Говорят, что было несколько важных вещей для этого родительского поколения. Конечно, перевод Риты Райт-Ковалевой «Над пропастью во ржи». Перевод Сэлинджера придал новый звук самому русскому языку. Из этого тона, из этого звука появилась молодая литература 60-х, начиная с Василия Аксенова. Это можно было бы назвать новым американским звуком, дошедшим до берегов русской литературы. Ведь звук слова — это именно звучащее расстояние его смысла, тон, стиль, степень свободы. В столь литературоцентричной стране, как тоталитарный СССР, где за не те слова, не те образы, не те мысли, даже обладание не теми книгами человек мог быть отправлен в тюрьму или в ссылку за 101-й километр, иную акустику речи не опознать было нельзя.
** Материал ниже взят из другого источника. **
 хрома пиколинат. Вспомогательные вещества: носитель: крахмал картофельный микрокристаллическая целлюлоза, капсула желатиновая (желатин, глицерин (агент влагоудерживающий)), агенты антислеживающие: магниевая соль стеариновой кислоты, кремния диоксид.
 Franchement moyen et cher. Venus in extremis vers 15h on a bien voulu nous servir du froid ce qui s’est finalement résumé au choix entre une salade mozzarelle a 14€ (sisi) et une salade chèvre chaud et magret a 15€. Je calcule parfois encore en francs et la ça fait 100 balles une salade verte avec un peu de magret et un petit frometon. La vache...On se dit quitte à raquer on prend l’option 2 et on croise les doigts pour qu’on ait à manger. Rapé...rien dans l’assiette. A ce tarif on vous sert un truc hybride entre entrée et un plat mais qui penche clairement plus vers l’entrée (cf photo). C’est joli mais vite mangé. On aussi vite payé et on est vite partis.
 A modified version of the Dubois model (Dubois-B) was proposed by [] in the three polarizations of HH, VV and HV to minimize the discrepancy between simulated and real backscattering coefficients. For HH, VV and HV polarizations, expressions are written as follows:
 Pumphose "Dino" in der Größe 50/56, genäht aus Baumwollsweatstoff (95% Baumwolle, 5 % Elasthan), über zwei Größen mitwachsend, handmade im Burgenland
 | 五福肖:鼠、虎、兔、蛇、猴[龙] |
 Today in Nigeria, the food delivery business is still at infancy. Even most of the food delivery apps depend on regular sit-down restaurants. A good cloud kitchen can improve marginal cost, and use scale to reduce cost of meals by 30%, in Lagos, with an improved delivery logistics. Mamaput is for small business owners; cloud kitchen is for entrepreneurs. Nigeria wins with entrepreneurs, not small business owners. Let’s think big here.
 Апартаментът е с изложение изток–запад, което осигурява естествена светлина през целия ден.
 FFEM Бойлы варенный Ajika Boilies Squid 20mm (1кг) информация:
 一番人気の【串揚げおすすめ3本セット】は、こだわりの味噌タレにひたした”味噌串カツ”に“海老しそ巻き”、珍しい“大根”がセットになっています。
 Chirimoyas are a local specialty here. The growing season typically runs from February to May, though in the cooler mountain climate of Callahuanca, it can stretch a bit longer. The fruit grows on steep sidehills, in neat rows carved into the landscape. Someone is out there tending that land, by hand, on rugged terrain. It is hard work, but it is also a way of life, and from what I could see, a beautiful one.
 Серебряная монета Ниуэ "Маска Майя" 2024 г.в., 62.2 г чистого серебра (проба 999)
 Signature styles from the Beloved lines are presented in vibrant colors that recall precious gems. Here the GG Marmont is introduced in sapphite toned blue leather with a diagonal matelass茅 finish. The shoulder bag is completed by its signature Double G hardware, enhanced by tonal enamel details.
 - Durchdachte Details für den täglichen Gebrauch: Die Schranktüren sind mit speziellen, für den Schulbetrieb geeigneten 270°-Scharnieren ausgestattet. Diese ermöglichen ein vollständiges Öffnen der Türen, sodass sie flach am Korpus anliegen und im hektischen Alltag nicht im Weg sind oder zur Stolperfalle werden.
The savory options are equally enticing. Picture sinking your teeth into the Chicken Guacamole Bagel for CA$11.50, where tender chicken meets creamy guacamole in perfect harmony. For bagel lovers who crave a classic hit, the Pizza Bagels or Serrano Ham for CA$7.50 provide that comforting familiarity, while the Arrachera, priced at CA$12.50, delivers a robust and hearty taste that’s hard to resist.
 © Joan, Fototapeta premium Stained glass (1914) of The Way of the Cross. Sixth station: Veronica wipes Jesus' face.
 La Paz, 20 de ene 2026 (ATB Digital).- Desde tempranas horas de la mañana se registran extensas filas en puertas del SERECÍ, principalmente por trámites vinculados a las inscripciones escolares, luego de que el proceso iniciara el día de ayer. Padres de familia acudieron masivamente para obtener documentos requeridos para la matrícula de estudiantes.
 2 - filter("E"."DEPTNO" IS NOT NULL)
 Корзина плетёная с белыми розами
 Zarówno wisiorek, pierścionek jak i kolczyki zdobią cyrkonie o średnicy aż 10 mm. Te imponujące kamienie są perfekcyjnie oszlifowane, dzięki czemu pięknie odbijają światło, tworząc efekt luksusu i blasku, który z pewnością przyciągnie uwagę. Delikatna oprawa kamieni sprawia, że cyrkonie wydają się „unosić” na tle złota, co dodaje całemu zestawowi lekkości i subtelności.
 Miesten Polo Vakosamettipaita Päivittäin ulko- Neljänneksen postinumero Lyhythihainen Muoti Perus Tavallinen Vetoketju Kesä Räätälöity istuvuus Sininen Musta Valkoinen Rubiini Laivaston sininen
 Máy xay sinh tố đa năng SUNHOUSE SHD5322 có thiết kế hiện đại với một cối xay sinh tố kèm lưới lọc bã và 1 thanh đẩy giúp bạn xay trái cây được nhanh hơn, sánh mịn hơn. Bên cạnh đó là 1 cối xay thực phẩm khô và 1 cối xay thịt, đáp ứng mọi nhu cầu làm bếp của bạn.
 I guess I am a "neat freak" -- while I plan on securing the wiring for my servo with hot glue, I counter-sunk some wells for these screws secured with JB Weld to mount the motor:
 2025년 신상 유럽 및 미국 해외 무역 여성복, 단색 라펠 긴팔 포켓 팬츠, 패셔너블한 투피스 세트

Ольга Седакова расскажет мне потом, как ее каждый раз поражало на каких-нибудь худсоветах или редсоветах, когда рассматривались произведения ее друзей, художников или литераторов (сама она официально вообще не публиковалась), насколько точно чиновники выбирали то, что подходит, а что нет. И их выбор всегда был противоположен тому, который сделала бы она. На уровне инстинкта, на уровне практически спинного мозга «наше» всегда отличалось от «не нашего».
И важнейшая составляющая «не нашего» мира была в том числе мера его неясности: другой была мера читаемости и нечитаемости, допустимая пропорция отчетливости или же мягкости смыслообразующего контура. В «Политике художественной формы»[84] я пишу об этой альтернативной поэтической стратегии, когда, как говорила Ольга Александровна, даже слово «ива» ты говорил так, что оно было несоветское. Ива была то советской, то несоветской, и определялось это ритмически, тонально, акустически.
Я помню это странное ощущение, охватившее меня в большом зале Ленинской библиотеки, где у входа в зал — огромная статуя Ленина, в вышине над ней — часы со знаками зодиака, а по контуру — египетские узоры, мешающиеся с пентаграммами. В этом странном новоязыческом храме я стояла с томиком Поля Валери издания «Academia» в переводах А. Эфроса и отчетливо понимала, что за то, что мне нравится Валери, за то, что я не могу отменить в себе тягу к его строкам из «Полуденного сна фавна», меня можно поставить к стенке в прямом смысле, расстрелять. В акустике библиотечного зала, где не пропадал ни один шорох, я отчетливо слышала звук собственного страха. У меня что-то не так «генетически»: даже если я Валери пока не понимаю, я не могу не хотеть понять, мне туда надо. И именно в этой тяге к такому звуку умещается вся моя порода, вся моя жизнь, и именно за это ее легко можно прервать, осудить, вырвать из бытия. Во мне это звучит — я так устроена.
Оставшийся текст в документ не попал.